When African American citizens founded the St. James African Methodist Episcopal
(AME) Church in Helena, Montana, in 1888, their population topped 250 people in a city of roughly 12,000 souls. Located in Helena’s eastside residential district on 114 N. Hoback, the church building rested on a limestone foundation and featured a two-story steeple. Church members organized a Sabbath school, literary society, a women’s benevolent society, a theatrical troupe, a baseball team, and a band. It was the only African American church congregation in Helena, until 1910, when Baptists established a church.
It was part of the Colorado Conference of AME churches, which included congregations in Montana, Utah, New Mexico, Colorado, and Wyoming. St. James hosted the annual conference meeting in 1894, with pastor Rev. J.P. Watson welcoming pastors and congregants from Great Falls, Anaconda, and Butte in the state and dozens of out-of-state representatives. Northern Pacific Railroad offered a discounted fare for all AME representatives who attended the conference.
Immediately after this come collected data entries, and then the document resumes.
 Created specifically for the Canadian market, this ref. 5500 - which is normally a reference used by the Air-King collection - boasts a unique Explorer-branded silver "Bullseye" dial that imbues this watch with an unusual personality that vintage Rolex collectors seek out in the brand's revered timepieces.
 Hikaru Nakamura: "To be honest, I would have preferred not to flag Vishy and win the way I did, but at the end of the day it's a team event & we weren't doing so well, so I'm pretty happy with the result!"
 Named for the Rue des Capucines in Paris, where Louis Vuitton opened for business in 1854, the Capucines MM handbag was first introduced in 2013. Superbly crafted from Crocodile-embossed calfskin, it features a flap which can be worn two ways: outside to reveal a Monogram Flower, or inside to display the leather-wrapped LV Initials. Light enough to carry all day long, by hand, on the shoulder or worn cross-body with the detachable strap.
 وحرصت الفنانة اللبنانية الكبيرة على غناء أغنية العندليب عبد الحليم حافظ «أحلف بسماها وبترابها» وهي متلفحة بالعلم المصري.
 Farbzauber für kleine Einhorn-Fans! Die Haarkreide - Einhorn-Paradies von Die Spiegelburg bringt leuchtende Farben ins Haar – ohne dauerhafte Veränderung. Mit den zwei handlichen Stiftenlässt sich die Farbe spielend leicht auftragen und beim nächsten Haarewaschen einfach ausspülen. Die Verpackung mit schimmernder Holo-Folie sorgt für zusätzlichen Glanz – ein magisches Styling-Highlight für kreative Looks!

For more than four decades, St. James was the center of social and cultural life for African Americans in Helena. Nearly every important social, cultural, political, and self-help organization created by African Americans in Helena had its origin at St. James, including: Afro-American Building Association, to aid business development; Afro-American Benevolent Association, a Masonic group devoted to building a hall; and the Afro-American Protective League and the Afro-American Council, two groups focused on defending local people from discrimination and protesting lynchings in the American South. The St. James Literary Society reached well beyond the congregation and attracted whites to some public meetings, including one in 1907 that focused on the Brownsville Affair and debates on the effects of African American slavery, and the relative prosperity of African Americans who lived out of the South compared to populations in the South.
By the late 1920s, Helena’s African American population dwindled, the consequence of poor economic conditions. St. James continued as a congregation into the 1940s, but after World War II it ceased to function. The church building still stands. Remodeled without its steeple, it serves as a private residence.
William L. Lang, “The Nearly Forgotten Blacks on Last Chance Gulch, 1900-1912,” Pacific Northwest Quarterly 70 (April 1979): 50-57; Rex C. Myers, “Montana’s Negro Newspapers, 1894-1911,” Montana Journalism Review 16 (1973): 17-22.